What Once Was Love.

The alarm shook Rita from her bed.

But it hardly managed to startle her, for sleep had escaped long back and the effort to fall under the spell again was less than minimalist, in fact, almost non-existent since a year now. Since the time the blanket had begun trapping warmth of just one individual. Since her pillow shared less of her dreams, more of her deep, dark contemplation. Her naked footsteps sighed echoes against the walls of her apartment in Bandra. Her coffee kettle screamed readiness for a drink for one while a slice of toast soaked what was left of companionship. But, there was another used cup at the kitchen sink. It housed traces of black tea. It did little to spike Rita’s curiosity.

She opened her laptop. Checked selective mails as an AVP of an MNC would. Replied briefly and closed the lid. She ignored the 165 friend requests on facebook. She even ignored the 17 mails which she had received from two of her close friends asking her to step out, to spend her time on them. To move on. Yes, mostly to move on. But letting go was an act that needed deft execution. Procrastination only turned it to a quick sand. You see, the swanky apartment had witnessed several parties that retained colour till the deep hours of the night. The house, once cheerful and fragrant had lost much charm. What grace was left behind was slowly fading away in Rita’s wake. There were traces of love on the walls, on the couch of the living room and in the shower, but they were like fermata of the dying musical chord. Three hours after her alarm clock warned her about the break of the day, Rita stepped out of her house for work and as she was at it, the landline phone bell went off. As it did, she hurried at gaining distance from the house. She never answered the landline, not since she picked the receiver up to call up her mom and overheard Nakul, her loving husband of 4 years talking to another woman. He was asking her to hang up.

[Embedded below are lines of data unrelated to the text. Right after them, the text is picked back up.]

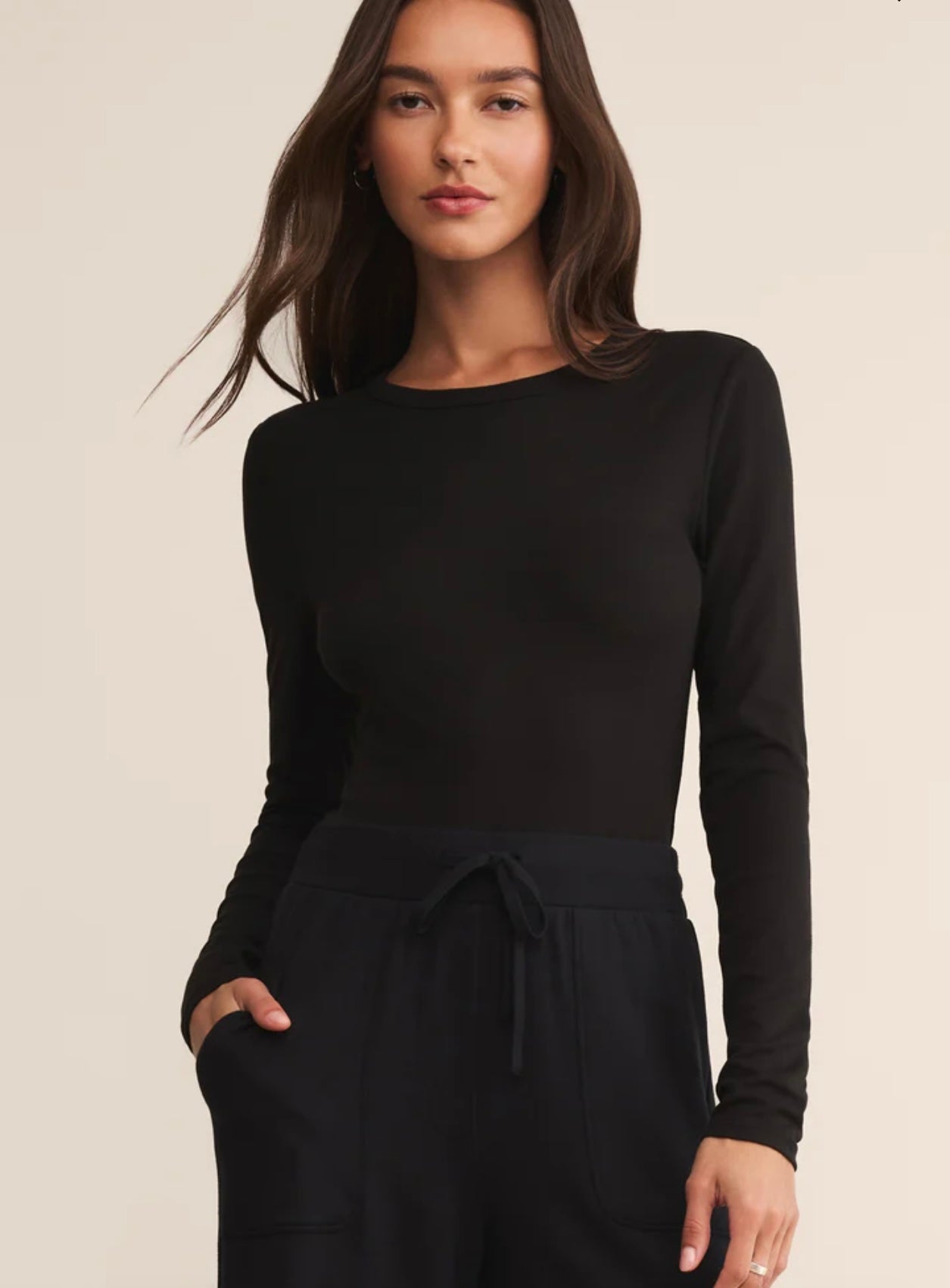 Second skin crew neck long sleeve top in black by Z Supply
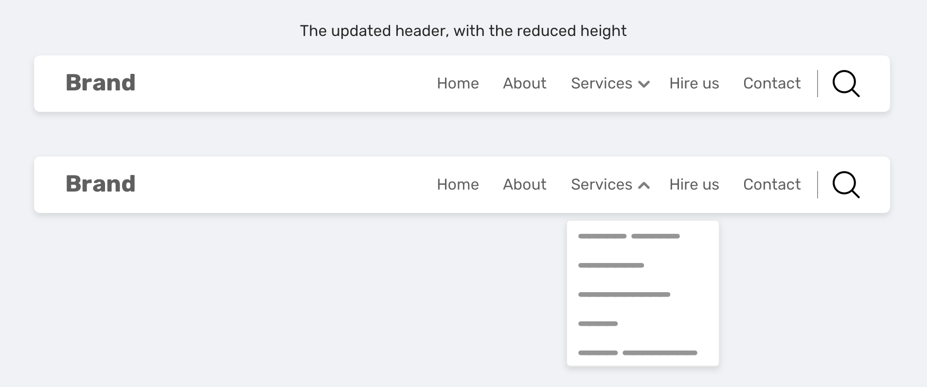 The dropdown is positioned 40px from the top edge of its parent nav item. While there are no problems with this, it can cause side effects in the future. Let’s suppose that you got a request to make the header height smaller. Depending on how you implemented the navigation, you either need to decrease the vertical padding of the navigation item or decrease the header height.
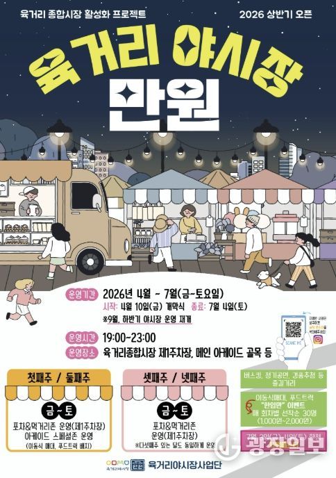 ‘육거리 야시장 만원’은 5월부터 첫째·둘째 주 금·토요일에는 이동식 판매대와 푸드트럭 중심의 ‘아케이드 스페셜존’, 셋째 주부터 월말까지 금·토요일에는 ‘포차존’ 콘셉트로 운영될 예정이다.
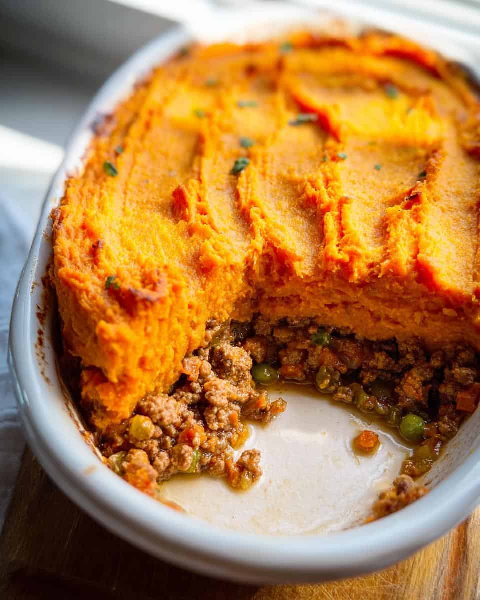 A comforting and healthy Sweet Potato Shepherd’s Pie recipe. It features a savory meat and vegetable filling topped with creamy mashed sweet potatoes.
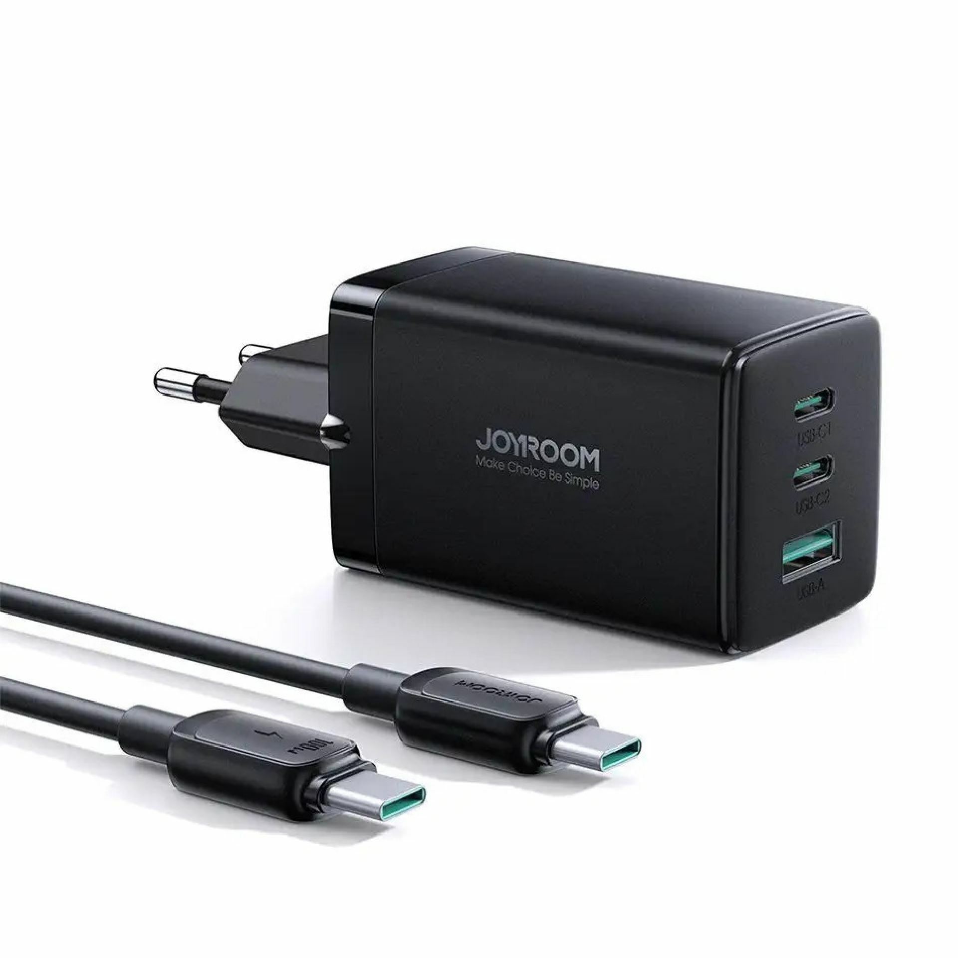 Joyroom JR-TCG01 je 65W GaN polnilec z dvema USB-C in enim USB-A izhodom. Podpira hitro polnjenje z uporabo PD in QC protokolov. Priložen je 1,2 m dolg črn USB-C kabel. Kompaktna zasnova in ognjevarni materiali prispevajo k varni in zanesljivi uporabi.

And that other person, in her husky voice, was mentioning how much she loved him. Repeatedly. That was 2 months ago. Rita had never confronted Nakul since then. She spoke about this to no one but a few selective friends. She stopped cooking his favourite dish or wearing the liner or holding his hand. He didn’t notice. But she had noticed two coffee beer mugs in her bedroom when she returned home late one night from the office. He almost didn’t care. Nakul overnight trips became more frequent, and urgent, and sudden. Something had to be done, there were things to be said or done or ended. There were lines to be severed. Somebody had to say something, anything. Somebody had to break the silence which swallowed all conversation.

The alarm clock waited for the next morning’s trigger.